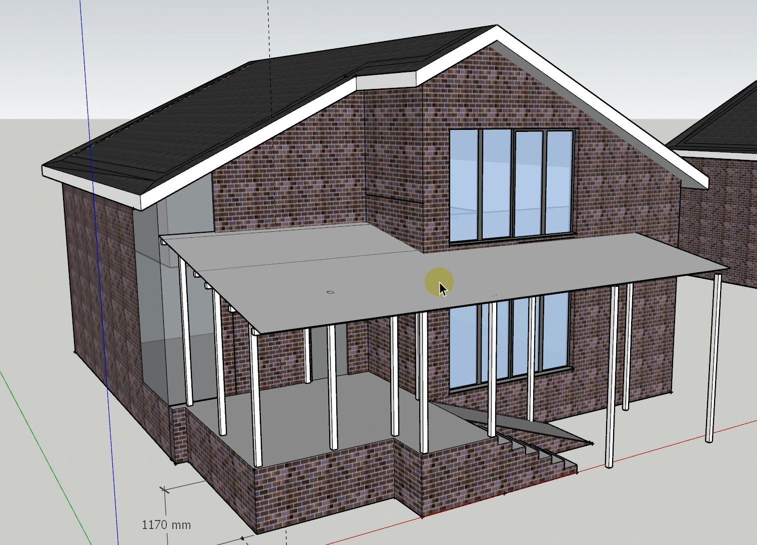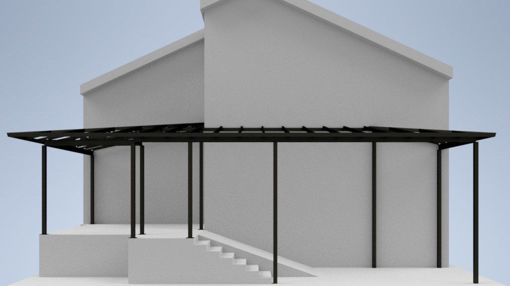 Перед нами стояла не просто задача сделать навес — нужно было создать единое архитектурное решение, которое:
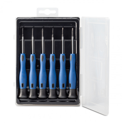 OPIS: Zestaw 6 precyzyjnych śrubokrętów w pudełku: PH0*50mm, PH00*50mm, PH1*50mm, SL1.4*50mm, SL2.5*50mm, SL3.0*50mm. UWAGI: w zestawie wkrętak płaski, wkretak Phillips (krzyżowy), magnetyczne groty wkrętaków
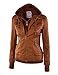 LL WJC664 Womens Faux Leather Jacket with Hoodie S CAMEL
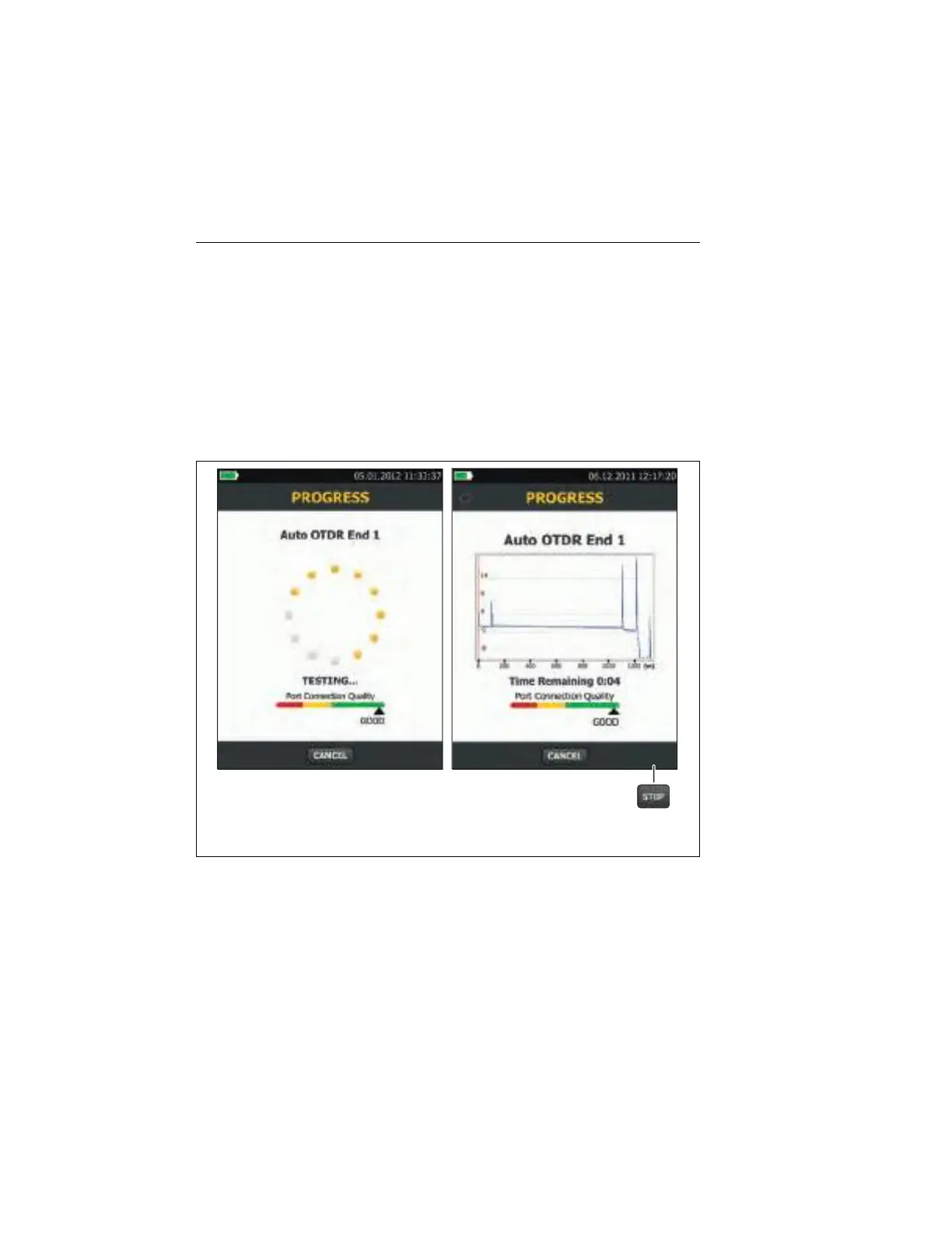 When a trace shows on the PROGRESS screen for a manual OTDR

================

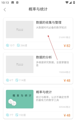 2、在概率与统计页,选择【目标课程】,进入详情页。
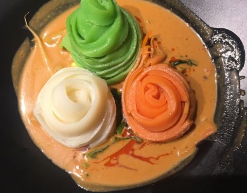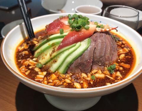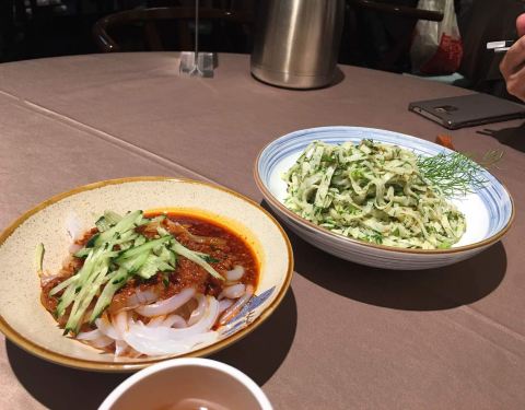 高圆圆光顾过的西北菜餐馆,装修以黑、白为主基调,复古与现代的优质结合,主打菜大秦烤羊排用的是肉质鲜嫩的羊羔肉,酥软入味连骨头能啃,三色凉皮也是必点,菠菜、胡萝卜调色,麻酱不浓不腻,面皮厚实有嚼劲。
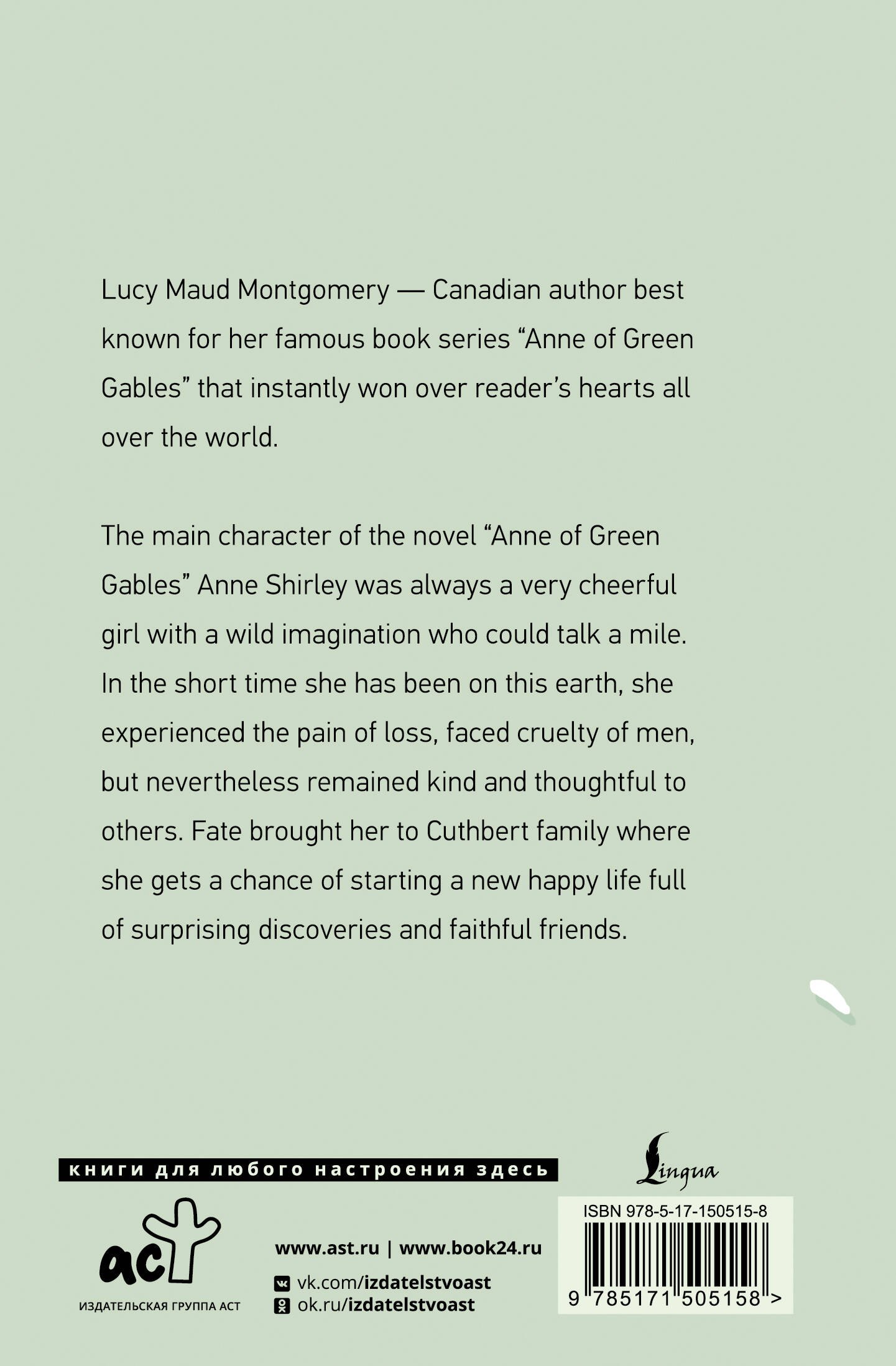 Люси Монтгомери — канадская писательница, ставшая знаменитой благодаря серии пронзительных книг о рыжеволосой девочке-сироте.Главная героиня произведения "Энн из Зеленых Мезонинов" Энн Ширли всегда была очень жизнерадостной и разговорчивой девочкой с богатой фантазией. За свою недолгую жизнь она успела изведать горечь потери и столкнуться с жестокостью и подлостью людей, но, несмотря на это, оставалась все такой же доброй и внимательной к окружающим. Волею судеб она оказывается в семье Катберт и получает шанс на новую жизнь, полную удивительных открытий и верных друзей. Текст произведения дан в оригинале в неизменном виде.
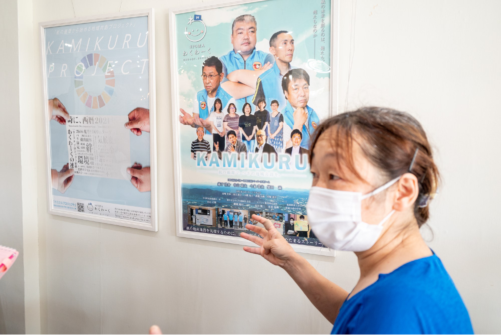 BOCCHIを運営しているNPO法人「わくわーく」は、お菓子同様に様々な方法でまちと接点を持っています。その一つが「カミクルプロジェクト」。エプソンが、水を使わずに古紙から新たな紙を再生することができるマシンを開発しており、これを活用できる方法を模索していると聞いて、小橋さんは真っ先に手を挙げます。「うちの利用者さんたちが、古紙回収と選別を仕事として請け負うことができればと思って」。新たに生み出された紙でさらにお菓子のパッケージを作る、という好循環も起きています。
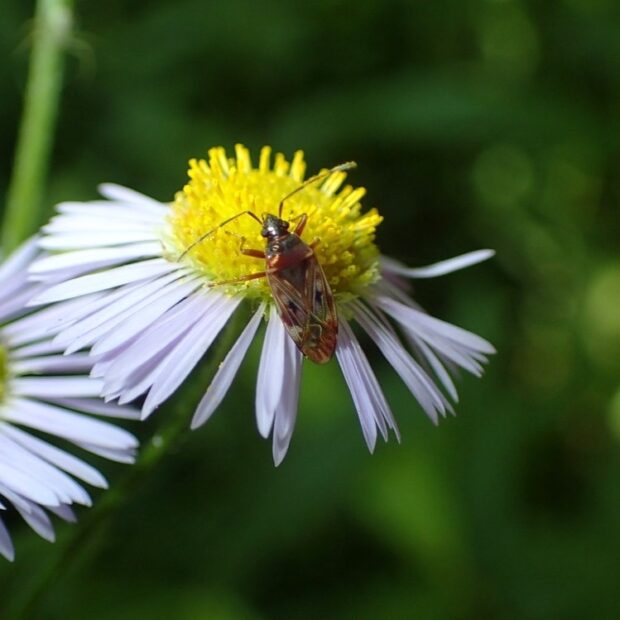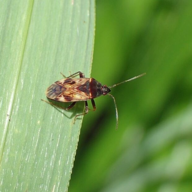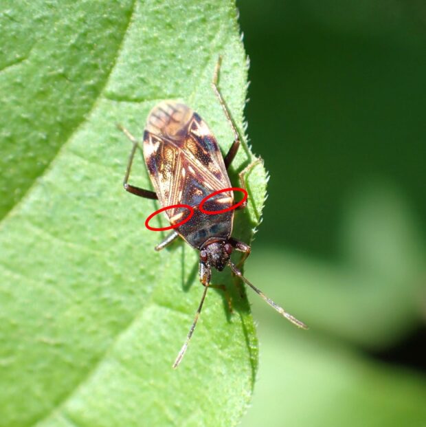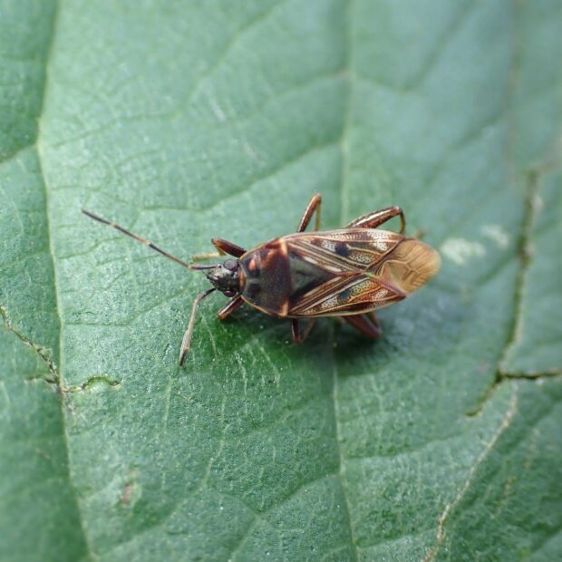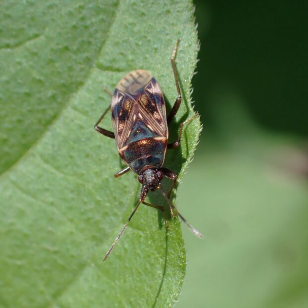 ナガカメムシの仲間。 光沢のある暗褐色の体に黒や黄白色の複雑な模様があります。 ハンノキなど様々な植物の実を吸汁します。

================

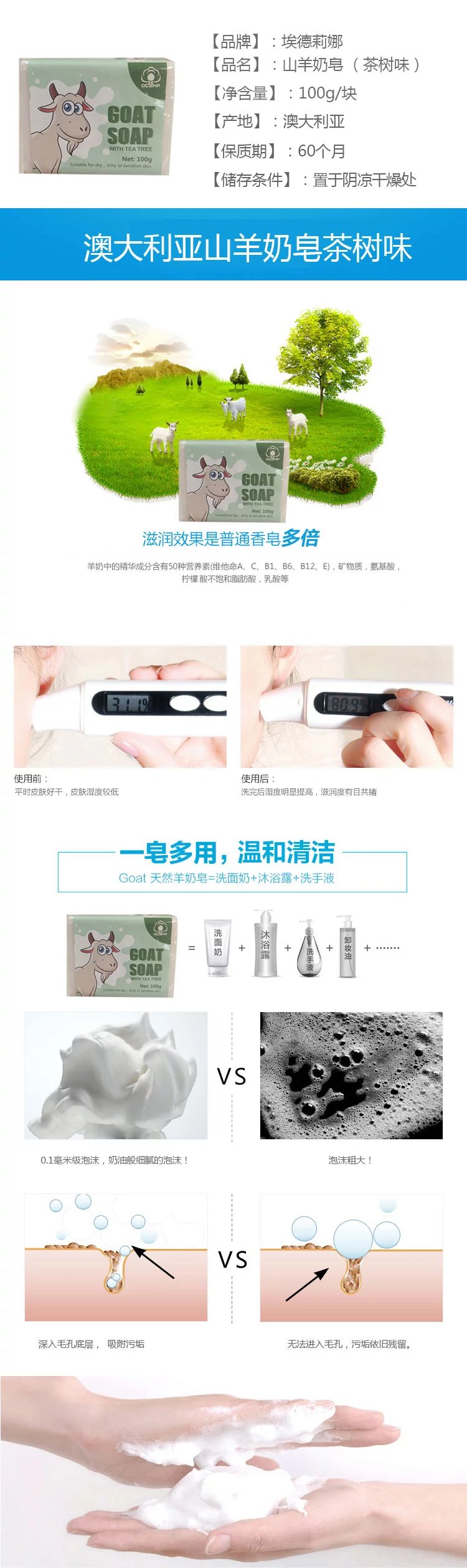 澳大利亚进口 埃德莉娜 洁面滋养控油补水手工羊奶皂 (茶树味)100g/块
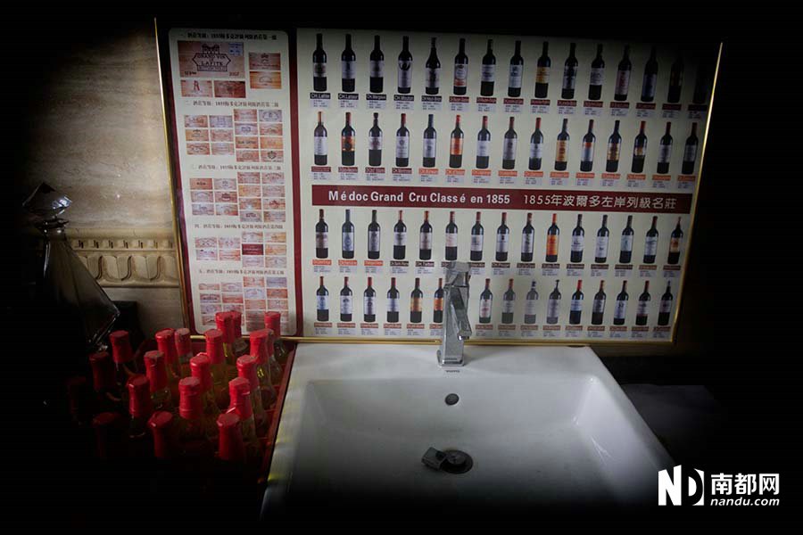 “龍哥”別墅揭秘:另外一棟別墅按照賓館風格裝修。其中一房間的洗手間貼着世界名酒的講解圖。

================

ABOUT THIS TASK - Look above for the line with "Перед нами стояла"; quote it and every line after it, stopping after the line with "OPIS: Zestaw 6", exactly, with nothing added and without pictures.

SOLUTION BELOW -
 Перед нами стояла не просто задача сделать навес — нужно было создать единое архитектурное решение, которое:
 OPIS: Zestaw 6 precyzyjnych śrubokrętów w pudełku: PH0*50mm, PH00*50mm, PH1*50mm, SL1.4*50mm, SL2.5*50mm, SL3.0*50mm. UWAGI: w zestawie wkrętak płaski, wkretak Phillips (krzyżowy), magnetyczne groty wkrętaków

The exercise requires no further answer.